▶ Work required
With pictures left out, write out exactly every line from the start of the data through the one that contains "We can insert sections".

· · · · ·

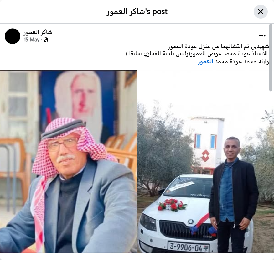 شهيدين تم انتشالهما من منزل عودة العمور الأستاذ عودة محمد عوض العمور(رئيس بلدية الفخاري سابقا )وابنه محمد عودة محمد العمور
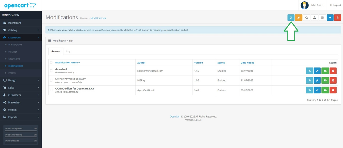 Navigate to Extensions → Modifications, then click the Refresh button located at the top of the page
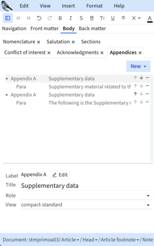 We can insert sections and paragraphs anywhere in the Body by clicking on the New tab. We can insert through either the field entry in the Left Panel under Sections tab or directly in the main editor. When we insert new sections and paragraph , the counters in the Article will also change accordingly.
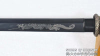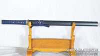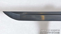 This is a well-made colorful folded steel sword, following the traditional Japanese process. The blade is very sharp and folded 13 times resulting in over 8,000 layers. After sharpening, the blade is etched with an oxidation process to give the surface it's black color. It comes with a black matte hard wood saya and silk sageo/ito, brass fittings, and genuine same (rayskin). The tang is secured into the handle with two bamboo mekugi. It is a very good choice for Dojo students, gifts, cutting practice, and display. It is durable enough for cutting tameshigiri and bamboo. Each sword is individually handmade so specifications vary slightly from sword to sword.
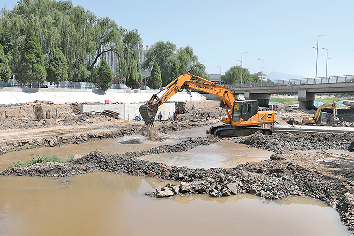 5月17日,蟒河河道改造提升工程加快施工。
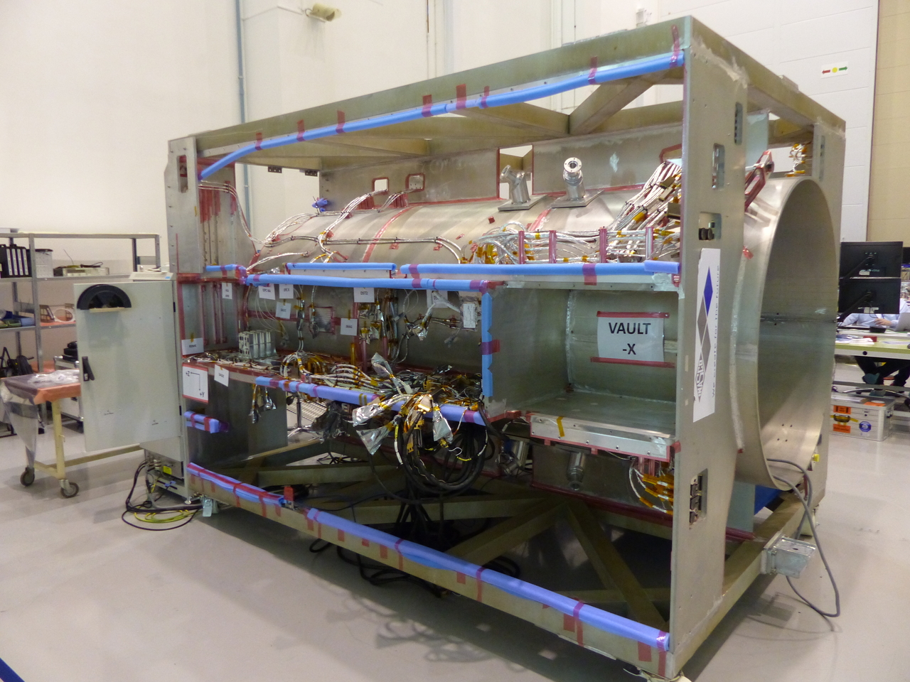 The engineering model of ESA's JUICE at the facilities of prime contractor Airbus Defence and Space in Toulouse, France. The central cylinder of the spacecraft is well visible in this view, along with the electrical harness.
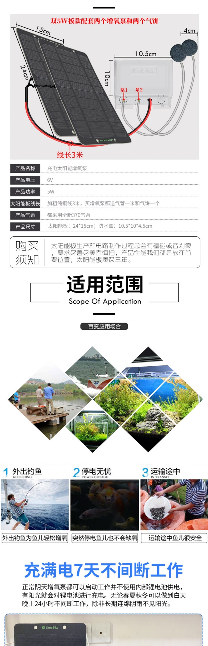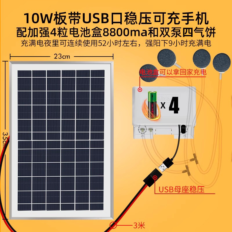 • 강력한 배터리 4개 휴대폰 충전 + 듀얼 5w 보드 + 펌프 2개 에어케이크 4개 연속 4일 동안 공기량 6배✓
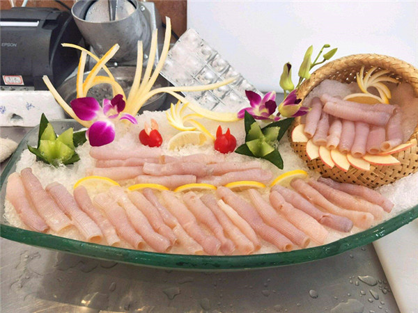 Guangxi’s coastal cities Fangchanggang and Beihai have an abundance of high quality seafood, and the most renowned one is sandworm sashimi, which will make your mouth water. The dish uses high quality sandworms found in fresh water in offshore areas. With a fine, smooth, sweet, crisp, and delicious flavor, sandworm sashimi enjoys a strong reputation in Guangxi, and it has the effect of tonifying the spleen and the kidney, invigorating qi, and replenishing blood.
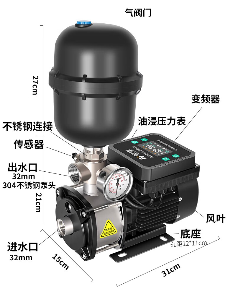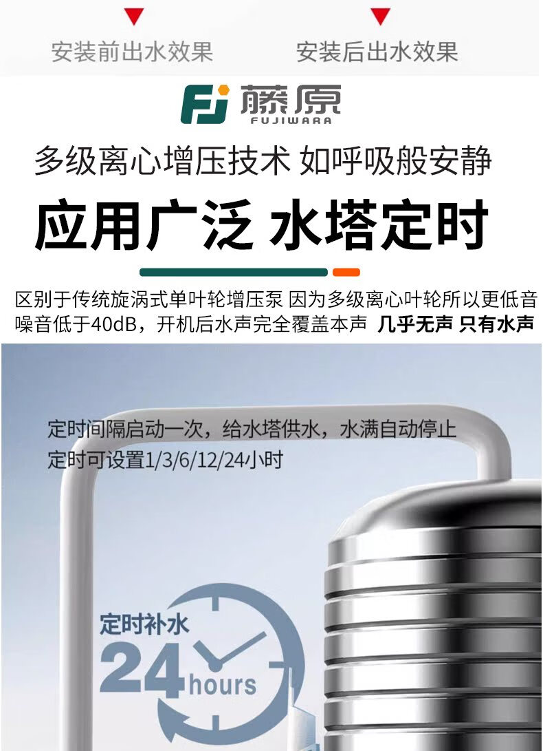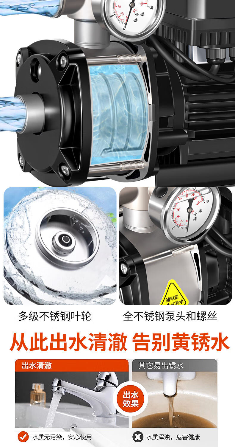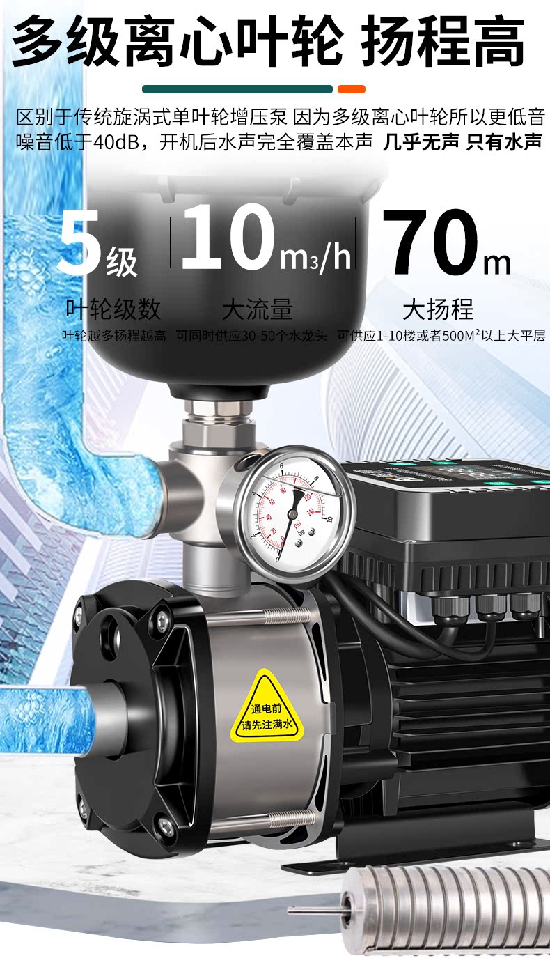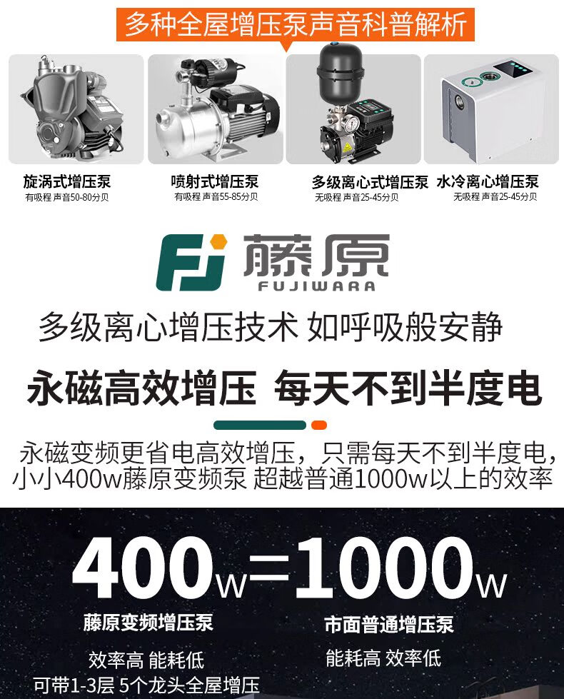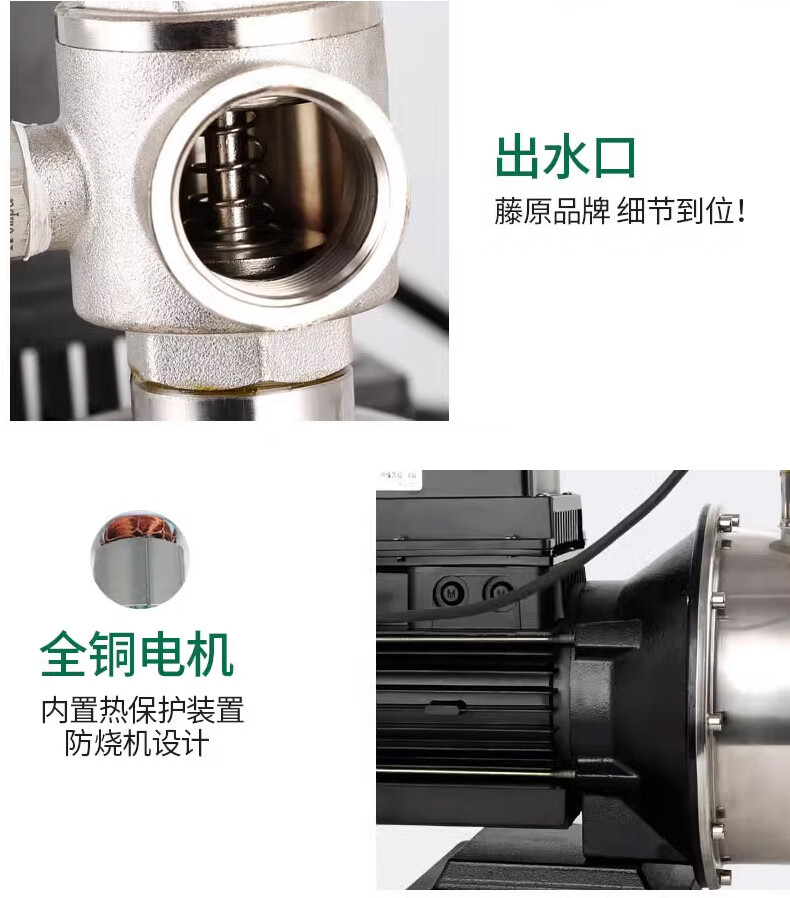 Fujiwara 304 stainless steel variable frequency booster pump villa hotel commercial fully automatic home 220V silent constant pressure water pump large flow multi-stage variable frequency pump SWLF4-5

· · · · ·

▶ Result of this task
 شهيدين تم انتشالهما من منزل عودة العمور الأستاذ عودة محمد عوض العمور(رئيس بلدية الفخاري سابقا )وابنه محمد عودة محمد العمور
 Navigate to Extensions → Modifications, then click the Refresh button located at the top of the page
 We can insert sections and paragraphs anywhere in the Body by clicking on the New tab. We can insert through either the field entry in the Left Panel under Sections tab or directly in the main editor. When we insert new sections and paragraph , the counters in the Article will also change accordingly.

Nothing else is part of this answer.